● **Source data**:
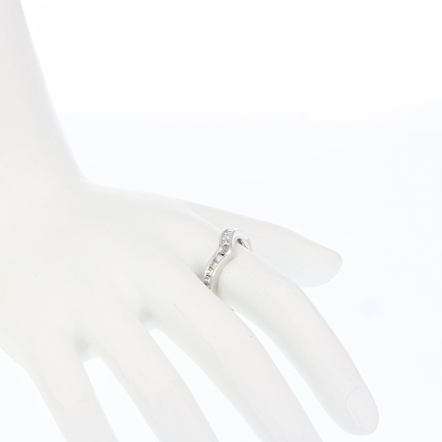 14K white gold, 1/2 ct. t.w. princess-cut diamonds, channel setting, 11 diamonds.
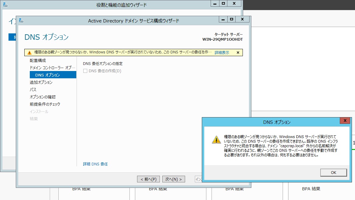 サクサクッっと進めてますが、ADインストールの時にDNSも入れておかないと後から追加出来ないことは無いですが、面倒です。
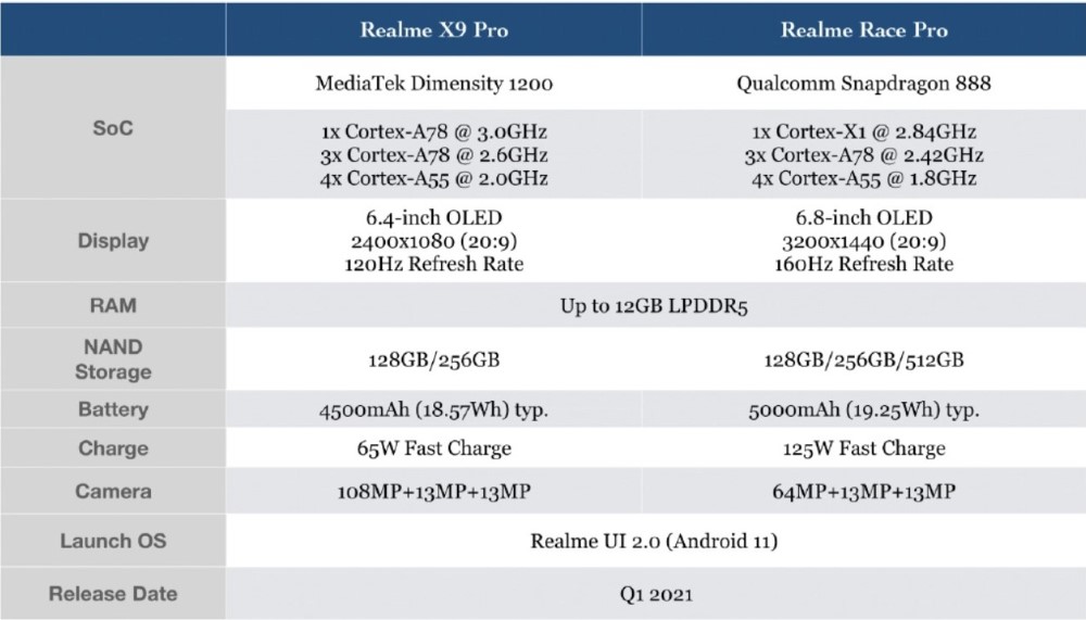 根據這份外流規格表,realme Race 預期搭載高通最新的 Snapdragon 888 處理器,記憶體最高為 12GB LPDDR5,儲存容量有 128 / 256 / 512 GB 可選,並且具有 5,000mAh 大電池,搭配 125W 閃充。背面相機則為 64MP + 13MP + 13MP 的三鏡組合,詳細規格目前還無法確認。
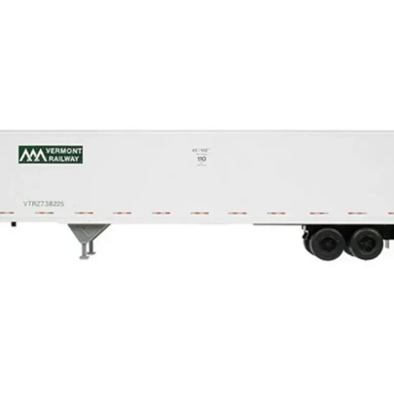 This trailer features two sets of landing gear – fully extended or retracted, hinges and latches, rivets, and rear bumper detail.
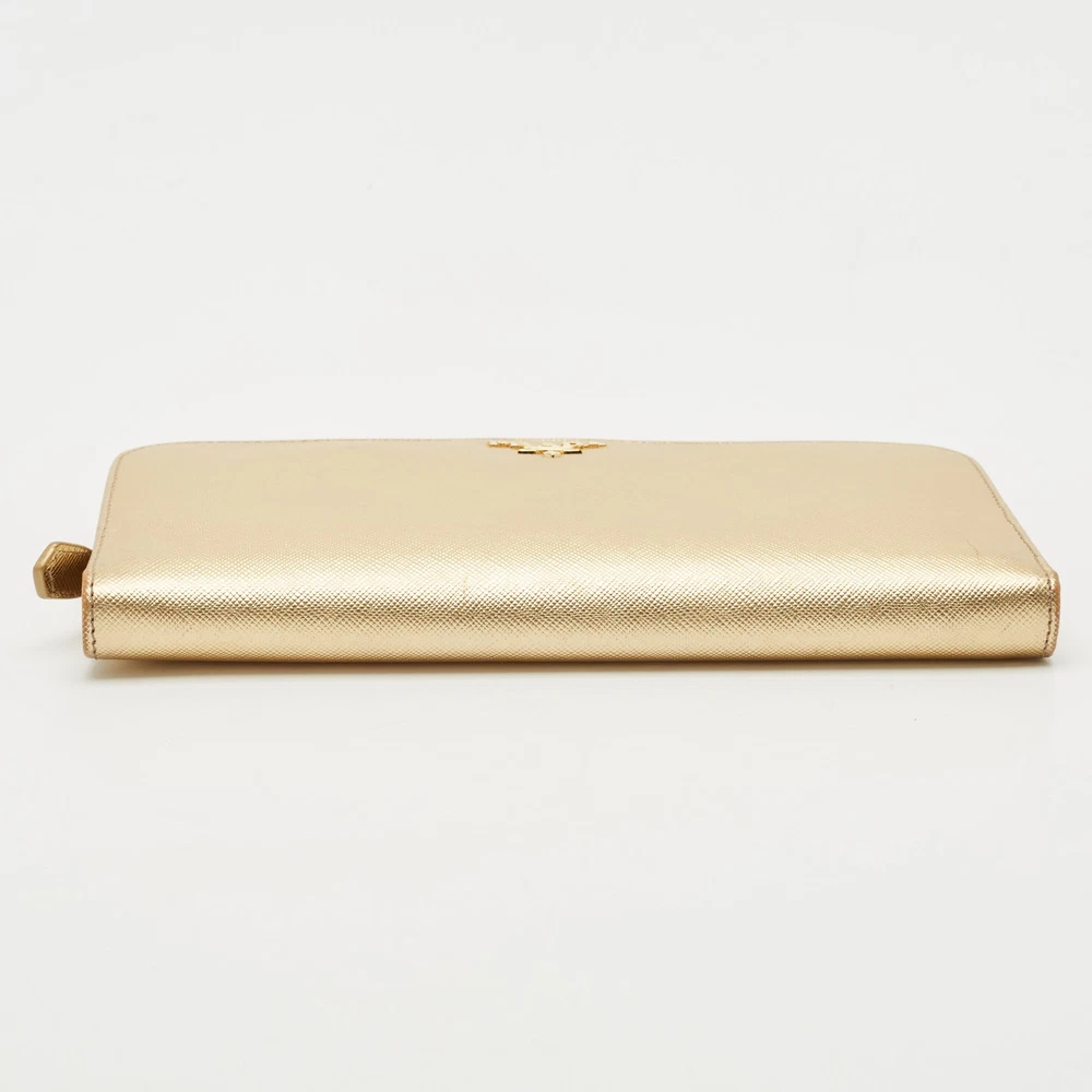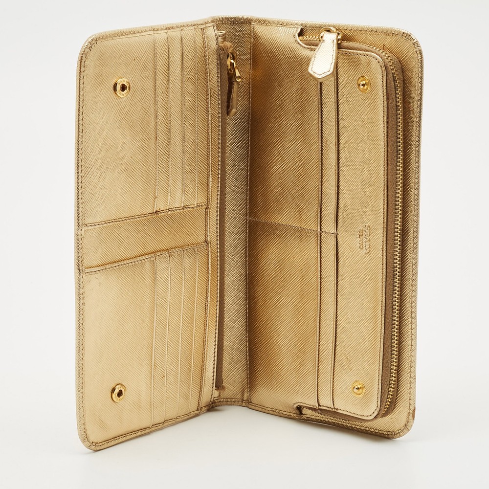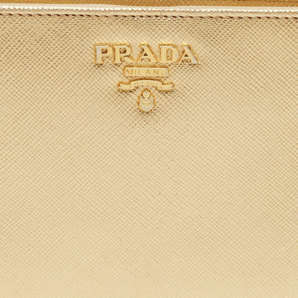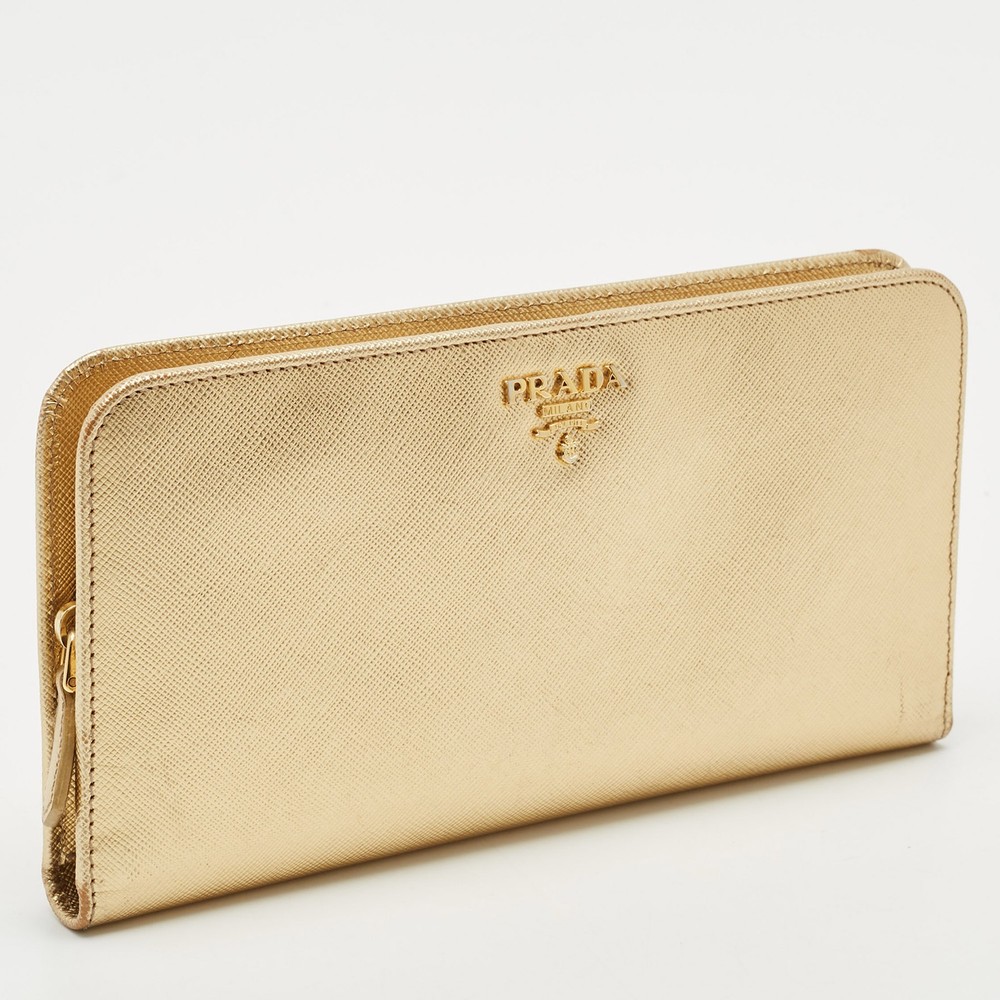 Shimmering in gold Saffiano Lux leather, this Prada bifold wallet is a polished take on everyday organization. Designed with card slots, compartments, and a refined profile, it’s a luxe essential for fans of understated glamour.Certified by The Luxury Closet - This item has gone through a detailed authentication process overseen by our experts. We offer a lifetime guarantee of authenticity on all our items. Import duties, taxes and charges are not included in the item price. These charges are the buyers responsibility. Please check with your country’s customs office to determine what these additional cost will be prior to buying. Our eBay Store About Us Contact Us Add to Favorite Sellers Prada Gold Saffiano Lux Leather Bifold Wallet Organizer $268.4 Shimmering in gold Saffiano Lux leather, this Prada bifold wallet is a polished take on everyday organization. Designed with card slots, compartments, and a refined profile, it’s a luxe essential for fans of understated glamour. Product Details Brand Color Gold Dimensions Material Leather Size Outsole Width Outsole Length Heel Height Includes Certified by The Luxury Closet This item has gone through a detailed authentication process overseen by our experts. We offer a lifetime guarantee of authenticity on all our items. How We Check The in-house team of experts at The Luxury Closet is highly trained to verify the authenticity and the condition of the luxury products. They ensure that only 100% authentic items are put on sale.The evaluation process is unique with its own mix of assessment criteria and differs according to the category. Each item is evaluated based on the following combination of hallmarks, hardware, stitching, symmetry, material, craftsmanship, stamping, codes, hologram stickers, and packaging. Our authenticators also check if the items have been modified or amended (e.g., aftermarket diamonds, replaced batteries, repaired bags, etc.) International Buyers Import duties, taxes and charges are not included in the item price. These charges are the buyers responsibility. Please check with your country’s customs office to determine what these additional cost will be prior to buying.
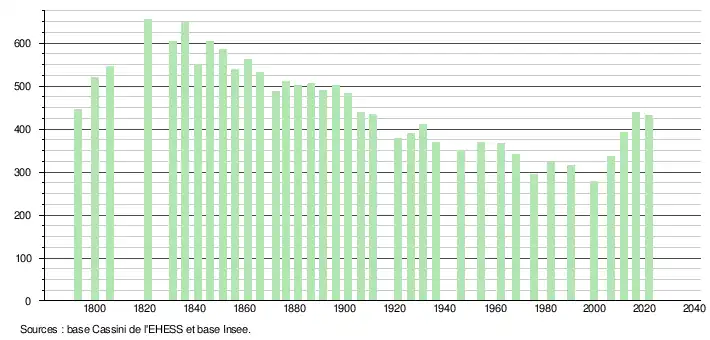 L'évolution du nombre d'habitants est connue à travers les recensements de la population effectués dans la commune depuis 1793. Pour les communes de moins de 10 000 habitants, une enquête de recensement portant sur toute la population est réalisée tous les cinq ans, les populations légales des années intermédiaires étant quant à elles estimées par interpolation ou extrapolation[28]. Pour la commune, le premier recensement exhaustif entrant dans le cadre du nouveau dispositif a été réalisé en 2006[29].

● **Work item**: Give exactly the lines above that run from the line with "サクサクッっと進めてますが、" to the line with "This trailer features", both included, leaving every picture out.

● **Result for this task**:
 サクサクッっと進めてますが、ADインストールの時にDNSも入れておかないと後から追加出来ないことは無いですが、面倒です。
 根據這份外流規格表,realme Race 預期搭載高通最新的 Snapdragon 888 處理器,記憶體最高為 12GB LPDDR5,儲存容量有 128 / 256 / 512 GB 可選,並且具有 5,000mAh 大電池,搭配 125W 閃充。背面相機則為 64MP + 13MP + 13MP 的三鏡組合,詳細規格目前還無法確認。
 This trailer features two sets of landing gear – fully extended or retracted, hinges and latches, rivets, and rear bumper detail.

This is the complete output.